We analysed the characteristics of the nine cases of LC in which the PI*SS genotype was found, in view of its previously observed association with an increased risk of LC. In this sample, all but one of the cases of LC associated with a PI*SS genotype appeared in women, with 55% being adenocarcinomas and 45% being squamous cell carcinoma. Adenocarcinoma is the most frequent histological type in never-smokers, in some series attaining percentages of more than 70% . Taken overall, of the cases included in this study, 77.5% were adenocarcinomas and only 7.7% corresponded to squamous cell carcinoma. Yet these relative frequencies were different in this subgroup of patients who were carriers of the PI*SS genotype, with the high proportion of squamous cell carcinoma warranting special mention, in view of the fact that these patients were never-smokers. These data agree with the results of previous studies that have analysed the relationship between AATD and LC: Topic et al.  identified an increased risk of squamous cell carcinoma (OR = 4.51; 95% CI = 1.66–12.29) in carriers of the PI*MZ and PI*MS genotypes; Yang et al.  observed an increased risk of adenocarcinoma in carriers of AAT deficiency alleles, bronchoalveolar carcinoma (OR = 2; 95% CI = 1.1–3.8) and squamous cell carcinoma in particular (OR = 2.5; 95% CI = 1.2–5.3); and Li et al.  also detected 55.3% of adenocarcinomas. None of these 9 patients suffered from COPD, and high-resolution computed tomography showed no presence of emphysema.

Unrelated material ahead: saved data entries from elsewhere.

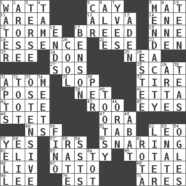 ACROSS 1. Electrical Unit 5. Island 8. Floor protector 11. Length times width 12. Inventor's middle name 14. Compass dir. 15. Singer Mel 17. A special lineage 18. Compass dir. 19. Core 21. Compass dir. 22. Lair 23. To riddle 24. Spanish title 25. Teachers' org. 27. Distress signal 28. Leave at once 31. Smallest unit of an element 35. Trim (branches) 37. Become fatigued 38. Airs 39. Fish or hair follower 41. Singer James 42. Lug 43. Friend of Pooh 45. Sight organs 46. Proofreading order 47. Mouth or opening 49. Science/research agcy. 51. Bar bill 52. Lion 55. Affirmative reply 57. Big collection agency 60. Catching in a trap 62. Biblical high priest 63. Characterized by obscenity 65. Add up to 66. 54 in ancient Rome 67. "Beetle Bailey" pooch 68. Wig 69. Area sheltered from the wind 70. Eastern Standard Time (abbr.) 71. Ancient Greek god of war DOWN 1. Wetness 2. Came up 3. Laconic 4. Docile 5. Automobile 6. Toward shelter 7. Jacques Cousteau's middle name 8. Ananias' fault 9. Queen of England 1702-14 10. Adolescent 13. An important port of Yemen 16. Conclusions 17. Gillaume's butler role 20. Calm and collected 26. First name in cosmetics 29. Johnson of "Laugh-In" 30. Afternoon social gatherings 31. Flats, for short 32. A blast of a horn 33. Clearly or manifestly demonstrative 34. Confronts 36. For each 40. Tootsie (variant) 44. NW Algerian seaport 48. Blind as ____ 50. Fine (Spanish) 52. 61 cubic inches 53. Maternal 54. Stares 55. Shout 56. Writer Wiesel 58. Pace 59. Fast planes 61. Round or rotation of duties 64. Small child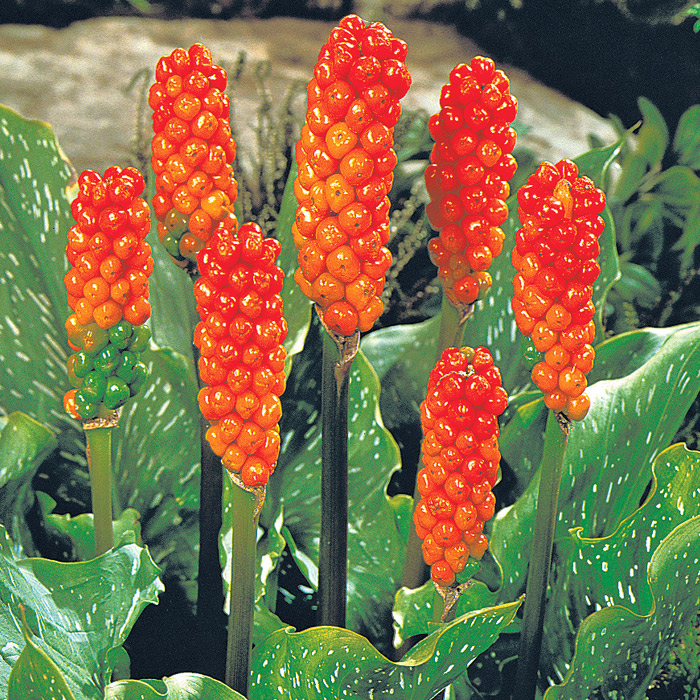 Рассада Аронника итальянского Arum Іtalicum (Арум Италикум) хорошо растет в солнечном и тенистом месте. Из семян весной появляются листья, а затем соцветия. В августе растение дозревает. Ягоды Аронника итальянского ядовиты.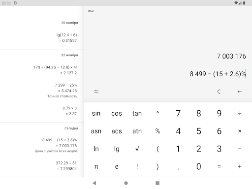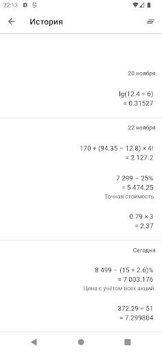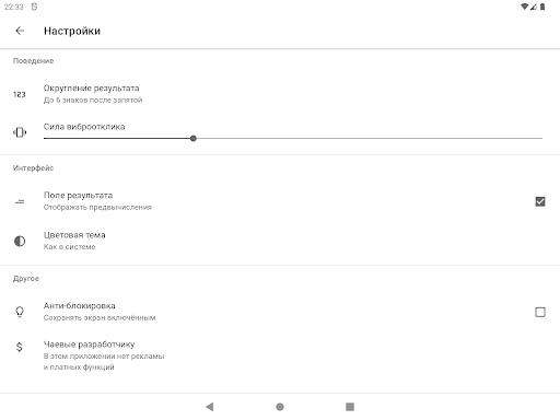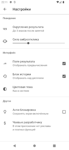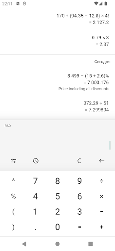 Калькулятор с процентами, степенями и функциями. История вычислений с комментариями. Курсор для редактирования в любом месте. Простой интерфейс с тёмной и светлой темой.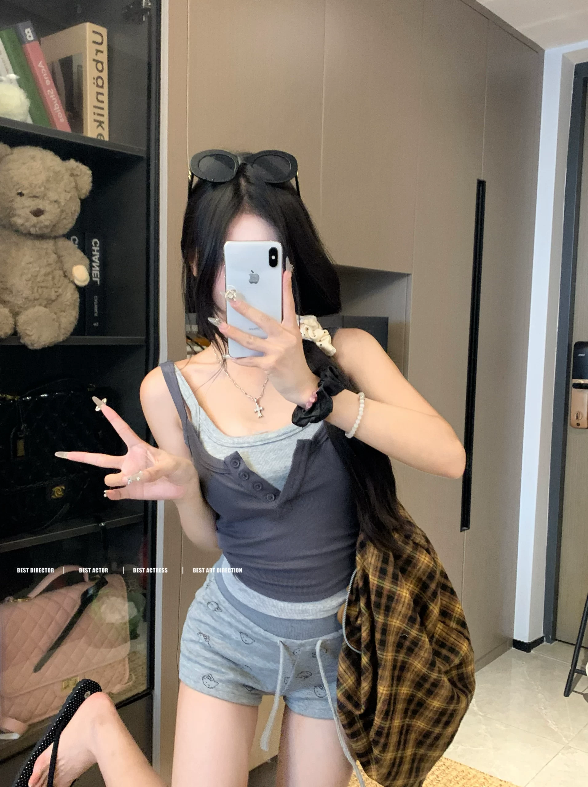 | nameOriginal | Contrast color small camisole, slim fit and exposed navel fake two pieces |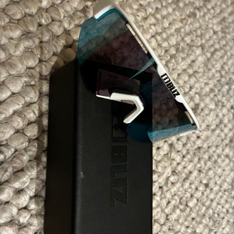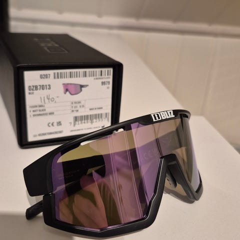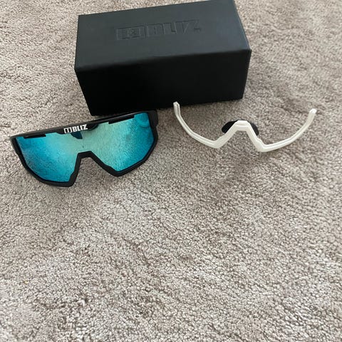 Bliz Fusion solbriller brukt et par ganger. Produktnummer: 52105-10. Matt Black frame og smoke with blue multi lens. Medfølger hvit ramme til å bytte på nederkant av brillen og nesedel. Brilleetui og boks.

The advantages of our study are, firstly, its sample size, which is one of the largest reported to date and practically doubles the number used in our previously conducted study, including a greater number of men which thus made it possible to analyse their risk, unlike the earlier study. The exclusive use of never-smokers meant that possible biases in the interpretation of results attributable to tobacco use could be ruled out. Indeed, this and the previous study are the only ones published to date to have analysed the risk of LC associated with AATD in never-smokers. A further advantage was having access to measurements of residential radon levels, which constitute the main risk factor for LC in never-smokers and thus enabled the association between AATD and LC to be established with greater certainty.
The principal limitation of our study is common to all studies of rare diseases, in this case AATD, and relates to the low overall prevalence of the disorder, which means that the number of carriers of deficiency alleles is inevitably small irrespective of the size of sample used. Furthermore, not having plasma AAT levels means that there is the possibility that some of the genotypes rated normal by PCR might correspond to rare or null deficiency alleles, though this finding would be somewhat exceptional. Lastly, respiratory function or emphysema status was not specifically analysed in this study, something that might have been of interest in order to examine its role as an intermediary agent in lung cancer among never-smokers potentially associated with AAT deficiency.